1953 finds Hadda Brooks still making music, and although her records do not sell very well, she has 'name' recognition and has been a top line in person performer for almost a decade. Okeh releases "Brooks Boogie" and "When I Leave This World Behind on #6939 in February. In May "You Let My Love Grow Cold" is coupled with "Dreaming And Crying" on Okeh #6962. Brooks proves that she can still draw her old fans by a week's appearance at New York's Apollo Theater with Gene Ammons & his combo. She finishes out the year in another top spot, Detroit's Flame Show Bar. As late as the summer of 1954 Hadda Brooks was still at it with the release of Okeh #7031 "He's Coming Home" and "I Don't Mind". For the next two years she was a mainstay on the Western European club circuit, especially well received in England.

For the latter part of the nineteen fifties, Brooks mainly appeared in clubs on the West coast and did very little recording. However she still had some of the old magic. She was a popular attraction at Kansas City's Orchid Room in early 1956, and at Chicago's Black Orchid Room. In November of 1956 Brooks was back with her old friends Modern Records of Los Angeles where she had been the inaugural recording artist for that label. Modern planned to record an LP album of the Hadda Brooks treatment of popular standards. However by this time Hadda realized that her time as a top R & B attraction had passed and the stage now belonged to the new young performers and their music aimed at the teenaged population. In 1957 Hadda had a long engagement at a nightspot called The Hula Hut in Tucson, Arizona.

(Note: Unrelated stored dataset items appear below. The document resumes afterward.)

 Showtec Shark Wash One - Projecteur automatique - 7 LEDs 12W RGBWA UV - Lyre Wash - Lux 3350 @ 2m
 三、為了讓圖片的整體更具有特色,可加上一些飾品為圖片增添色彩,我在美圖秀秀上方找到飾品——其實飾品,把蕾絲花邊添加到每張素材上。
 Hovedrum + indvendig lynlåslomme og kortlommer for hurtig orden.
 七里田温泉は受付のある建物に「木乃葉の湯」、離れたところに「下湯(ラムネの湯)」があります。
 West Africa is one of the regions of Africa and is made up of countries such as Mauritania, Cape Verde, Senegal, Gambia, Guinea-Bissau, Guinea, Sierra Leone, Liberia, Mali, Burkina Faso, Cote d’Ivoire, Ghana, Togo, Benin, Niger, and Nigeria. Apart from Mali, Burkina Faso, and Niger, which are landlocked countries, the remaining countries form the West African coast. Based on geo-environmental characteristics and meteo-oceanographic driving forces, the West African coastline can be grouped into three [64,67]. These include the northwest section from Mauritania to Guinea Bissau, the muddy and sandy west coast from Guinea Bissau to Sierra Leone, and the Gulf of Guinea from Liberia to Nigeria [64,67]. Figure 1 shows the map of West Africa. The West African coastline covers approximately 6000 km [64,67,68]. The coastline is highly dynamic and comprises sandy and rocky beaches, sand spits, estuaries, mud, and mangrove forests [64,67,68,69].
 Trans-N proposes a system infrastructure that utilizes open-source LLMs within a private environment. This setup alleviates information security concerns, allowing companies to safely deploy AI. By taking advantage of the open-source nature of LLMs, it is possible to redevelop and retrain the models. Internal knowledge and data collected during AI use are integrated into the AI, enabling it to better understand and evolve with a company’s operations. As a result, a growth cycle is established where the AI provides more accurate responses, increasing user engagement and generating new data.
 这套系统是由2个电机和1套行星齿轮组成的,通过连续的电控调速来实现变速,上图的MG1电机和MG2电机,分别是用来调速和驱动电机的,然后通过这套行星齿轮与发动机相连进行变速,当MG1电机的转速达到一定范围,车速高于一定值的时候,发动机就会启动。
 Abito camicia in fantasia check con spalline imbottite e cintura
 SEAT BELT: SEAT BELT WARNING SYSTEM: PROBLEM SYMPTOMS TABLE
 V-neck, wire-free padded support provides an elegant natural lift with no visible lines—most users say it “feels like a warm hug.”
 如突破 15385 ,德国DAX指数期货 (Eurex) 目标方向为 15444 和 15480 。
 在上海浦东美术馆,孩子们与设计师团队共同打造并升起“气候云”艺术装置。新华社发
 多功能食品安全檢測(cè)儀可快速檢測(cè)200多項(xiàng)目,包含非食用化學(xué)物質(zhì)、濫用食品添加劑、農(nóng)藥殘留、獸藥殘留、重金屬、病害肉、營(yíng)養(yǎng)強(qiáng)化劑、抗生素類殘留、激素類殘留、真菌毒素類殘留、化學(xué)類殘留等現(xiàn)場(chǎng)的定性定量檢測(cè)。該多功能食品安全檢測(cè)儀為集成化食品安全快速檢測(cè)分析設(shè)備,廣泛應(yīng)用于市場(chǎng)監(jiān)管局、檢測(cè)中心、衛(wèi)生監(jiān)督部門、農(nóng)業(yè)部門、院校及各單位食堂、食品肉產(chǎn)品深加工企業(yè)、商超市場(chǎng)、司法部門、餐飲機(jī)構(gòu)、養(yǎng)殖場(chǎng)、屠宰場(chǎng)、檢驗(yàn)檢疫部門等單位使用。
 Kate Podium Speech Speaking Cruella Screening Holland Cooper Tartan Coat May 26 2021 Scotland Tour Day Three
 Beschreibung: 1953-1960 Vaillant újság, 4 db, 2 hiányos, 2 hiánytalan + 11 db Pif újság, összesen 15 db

She also records a version of "Old Man River" for Modern Records. Modern releases an LP by Brooks called "Femme Fatale" on their Crown label. In 1959 Hadda Brooks is still on the scene recording for the new Arwin label with "The Careless Years" and "The Song Is Ended" on #1001.

For most of the following decade, Brooks was located in Australia where her musical personality had found a niche, and it was good enough for her to host her own television show there. She remained a pleasant memory for many and suddenly in the 1990s, all these years later, here was Hadda Brooks again. She was inducted into the Rhythm & Blues Foundation Hall Of Fame and her music was included on the soundtrack of the motion picture "The Crossing Guard". In late 1995, she was back in the recording studio for Point Blank records, and the result was the well received album "Time Was When". Hadda Brooks has remained a living testament to the enduring nature of the music she helped create and has been a part of for more than a half century. What a wonderful performer to discover, AND re-discover.